Source material –
******

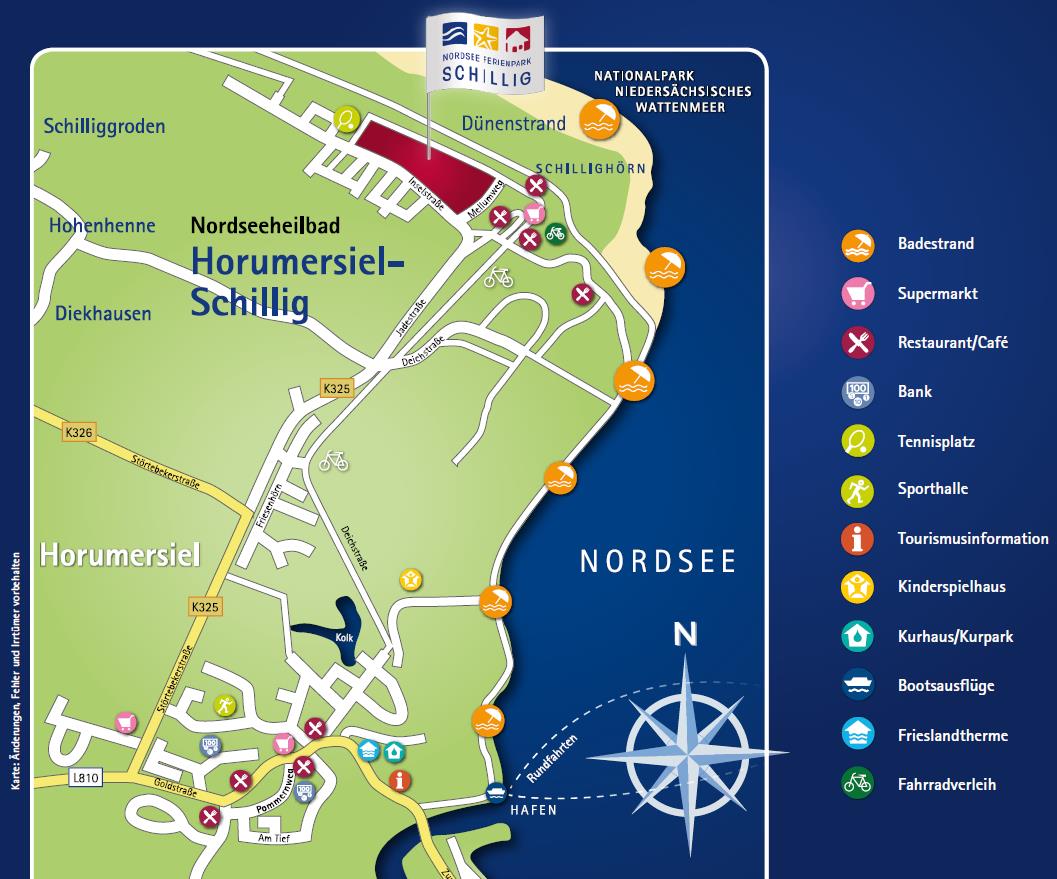 Schillig liegt etwa 20 Kilometer nördlich von Wilhelmshaven und zwei Kilometer nördlich von Horumersiel. Die besondere geografische Lage schenkt Schillig das maritime Reizklima sowie den langen Natur-Sandstrand.
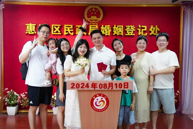 當天上午8時30分許,記者來到惠城區(qū)民政局婚姻登記處看到,新人們井然有序地在前臺領(lǐng)表填表,等待窗口叫號。他們有的身著情侶裝,有的頭戴白紗,有的手捧鮮花,有的帶“親友團”前來見證,讓結(jié)婚登記充滿儀式感。
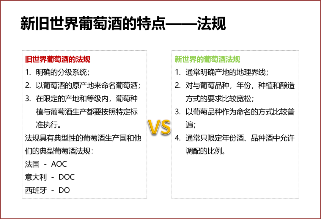 新旧世界葡萄酒法规的对抗就像两代人的江湖规矩不同一样,旧世界对葡萄酒有许多法规进行约束,而新世界就相对来说更宽松一些。
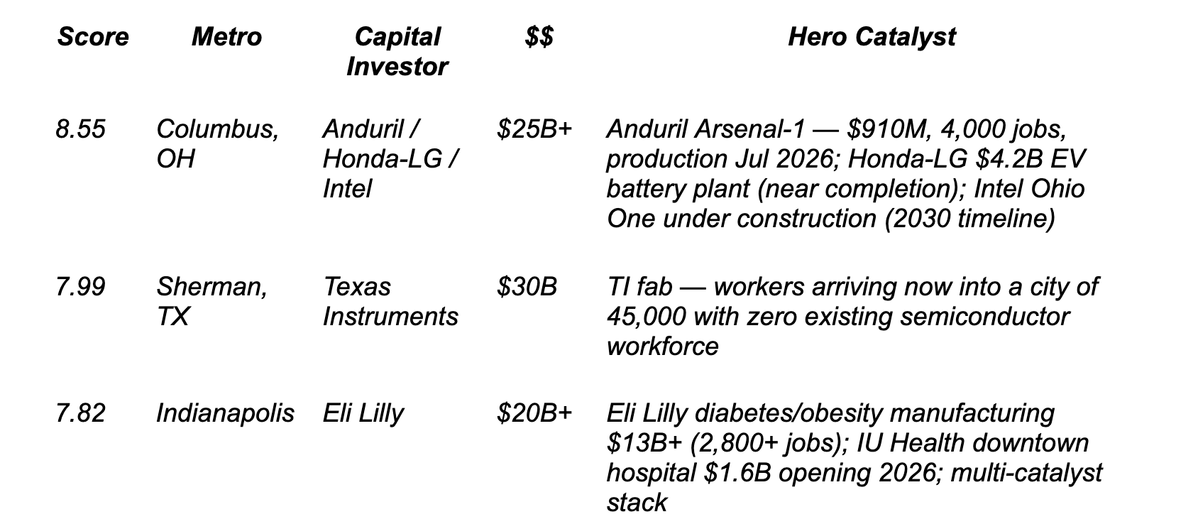 Scoring universe: 52 U.S. metros with qualifying catalyst activity as of Apr 26, 2026 Hero × Progress framework. Not investment advice.

******

Work item –
The full listing, reproduced exactly and without pictures, is the expected output.

Written response –
 Schillig liegt etwa 20 Kilometer nördlich von Wilhelmshaven und zwei Kilometer nördlich von Horumersiel. Die besondere geografische Lage schenkt Schillig das maritime Reizklima sowie den langen Natur-Sandstrand.
 當天上午8時30分許,記者來到惠城區(qū)民政局婚姻登記處看到,新人們井然有序地在前臺領(lǐng)表填表,等待窗口叫號。他們有的身著情侶裝,有的頭戴白紗,有的手捧鮮花,有的帶“親友團”前來見證,讓結(jié)婚登記充滿儀式感。
 新旧世界葡萄酒法规的对抗就像两代人的江湖规矩不同一样,旧世界对葡萄酒有许多法规进行约束,而新世界就相对来说更宽松一些。
 Scoring universe: 52 U.S. metros with qualifying catalyst activity as of Apr 26, 2026 Hero × Progress framework. Not investment advice.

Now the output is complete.